Mais si l’histoire reste sympathique malgré une maniabilité exigeante et souvent frustrante, le seuil de tolérance dépendra des joueurs, de leur connaissance avec la saga, mais également de leurs attentes vis-à-vis du soft, qui reste un petit jeu développé par un petit studio et vendu 20 euros. Pour ce prix, n’attendez pas non plus une durée de vie exemplaire, le soft se fait malgré des moments bien hard plus courts que les précédents, avec une durée de vie entre 7 et 9 heures. Plutôt honnête malgré tout. Vous avez compris en tout cas, Fear Effect Sedna va diviser, que ce soit les fans ou le public en général. En fait, on peut même dire facilement que le jeu va se faire descendre par une partie du public, et c’est dommage. D’ailleurs, en parlant de durée de vie, signalons que le jeu a trois fins différentes, vraiment très différentes, mais qui ne nécessitent pas spécialement de jouer d’une manière ou d’une autre, ou de faire des actions spécifiques, mais juste de faire un choix ou un autre vers le final. Si Sushee compte un jour nous fournir une suite, il faudra voir quelle fin sera la « vraie » fin.

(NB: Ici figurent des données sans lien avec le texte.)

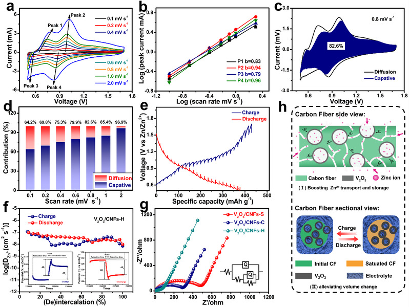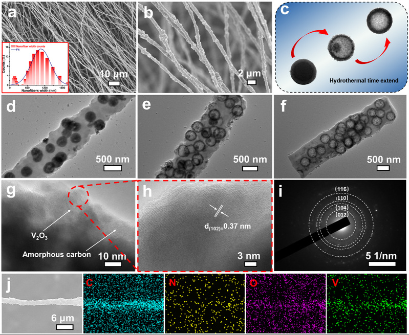 为了解决以上问题,齐鲁工业大学(山东省科学院)材料科学与工程学部先进高分子材料团队对钒基正极材料的结构进行了优化设计,采用静电纺丝技术首次合成了一系列V2O3纳米球实心、核壳、空心)包埋入N掺杂碳纳米纤维复合结构N掺杂碳纳米纤维不仅提高了电极的电导率和结构稳定性,还提供了封装外层以防止钒氧化物的溶解和颗粒的聚集。同时,通过电子顺磁共振谱等方法证明了该复合电极具有丰富的氧空位,结合第一性原理计算结果,氧空位能够有效降低材料的反应势垒,从而显著提高了Zn2+的反应活性。此外,循环中V2O3ZnXV2O5- nH2O之间的相变也通过非原位XRD得到了证实。得益于钒氧化物形貌调控以及丰富氧空位的双重作用,所得到的复合材料在纽扣电池中表现出优异的长期循环稳定性和良好的倍率性能,即使组装成柔性水系锌离子电池,复合电极仍然表现出优异的电化学性能,这可能为柔性水系锌离子电池正极材料提供新的设计理念。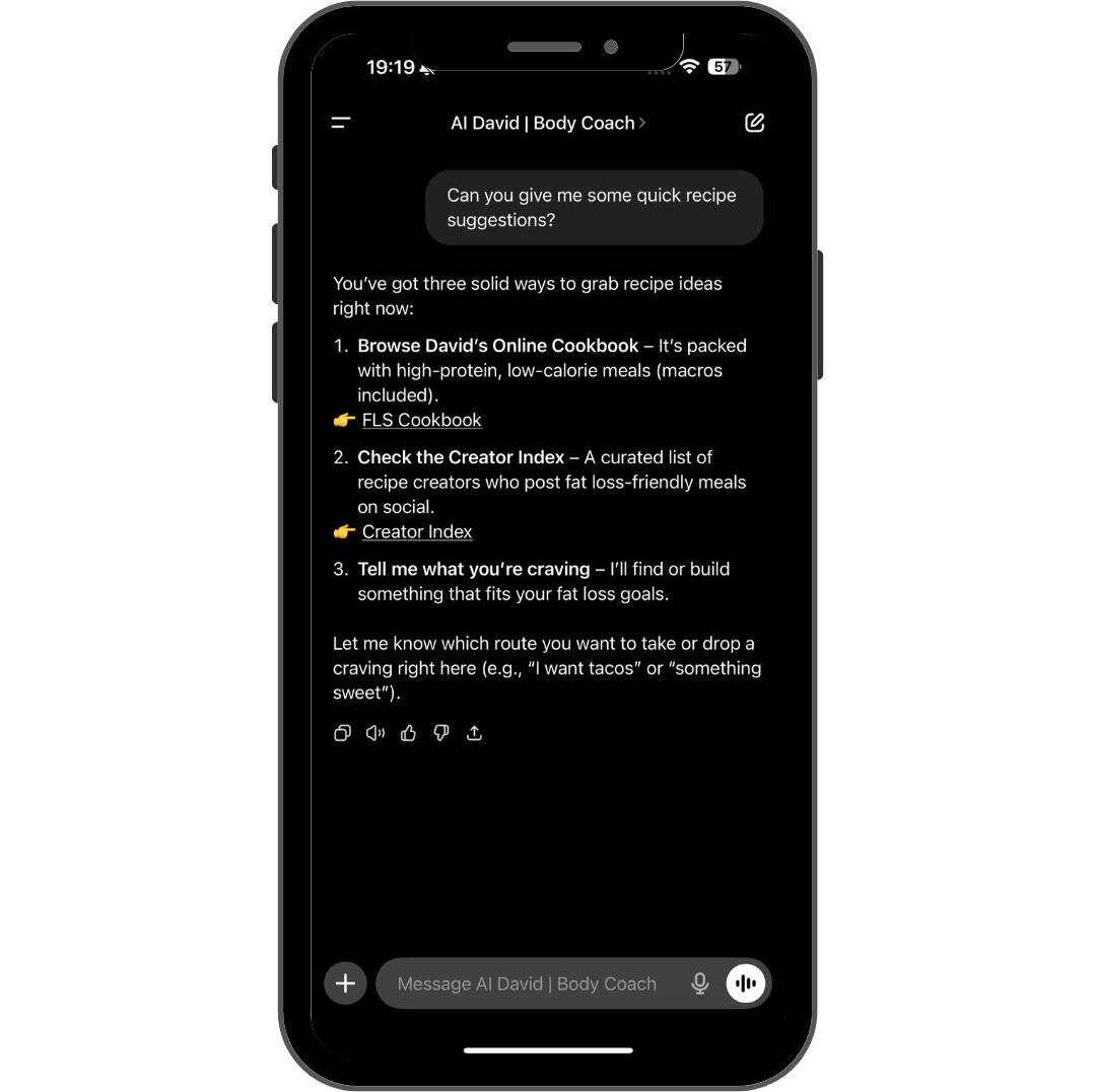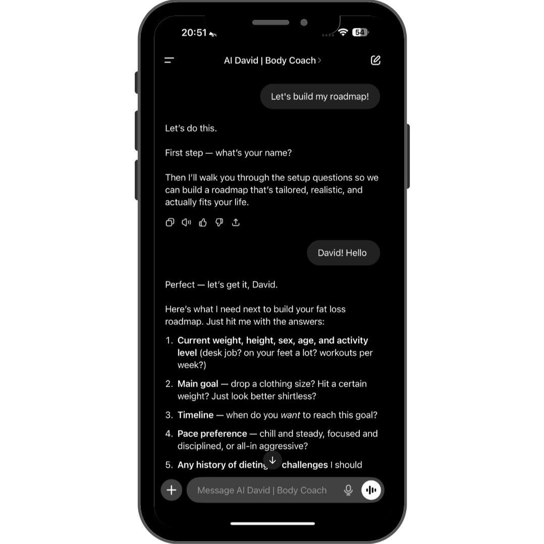 Install the exact system I used to drop 30kg, optimise cognitive output and achieve mind-body congruence without becoming a social recluse.You'll get instant access to the full high-performance tech stack: the LeanOS app, the evidence-based strategies to transform your body composition...And AI David, my bespoke AI Body Coach, built from my coaching expertise and background as a former finance data consultant.

Terminons donc en parlons de la qualité sonore du titre, amenant ainsi à sa plus grande qualité, mais également un de ces défauts gênants. Sushee a soigné l’ambiance sonore, puisque le score musical est franchement sympathique, voir même excellent, avec quelques rares reprises de thèmes des précédents jeux (du second en tout cas). Franchement sympathique. Mais malheureusement à côté, on a les doublages du jeu, en anglais intégralement, qui ne sont pas extraordinaires, loin de là. Ils manquent de naturel, sonnent faux la plupart du temps. Et c’est clairement dommage, car les dialogues, s’ils ne sont pas non plus foufou, sont sympathiques et dans le bon ton, les personnages cohérents et respectant ce qui a été fait par le passé. Fear Effect Sedna, c’est ça, un jeu qui souffle le chaud et le froid, mais qui m’aura finalement donné ce que j’attendais de lui. De quoi vraiment attendre le remake du premier… et je l’espère un jour, de sa suite Retro Helix également.

Les plus

Retrouver Fear Effect
Une intrigue sympathique
Les musiques du jeu

Les moins

Quelques pics de difficulté
Un gameplay souvent brouillon
Les doublages, pas top

En bref : Fear Effect Sedna est plein de bonnes intentions, et a quelques bons atouts dans sa poche, mais souffre d’un gameplay approximatif qui va en faire rager certains sur certains passages assez hard. Pour le fan, cela permet en tout cas de retrouver les personnages et de voir leur évolution.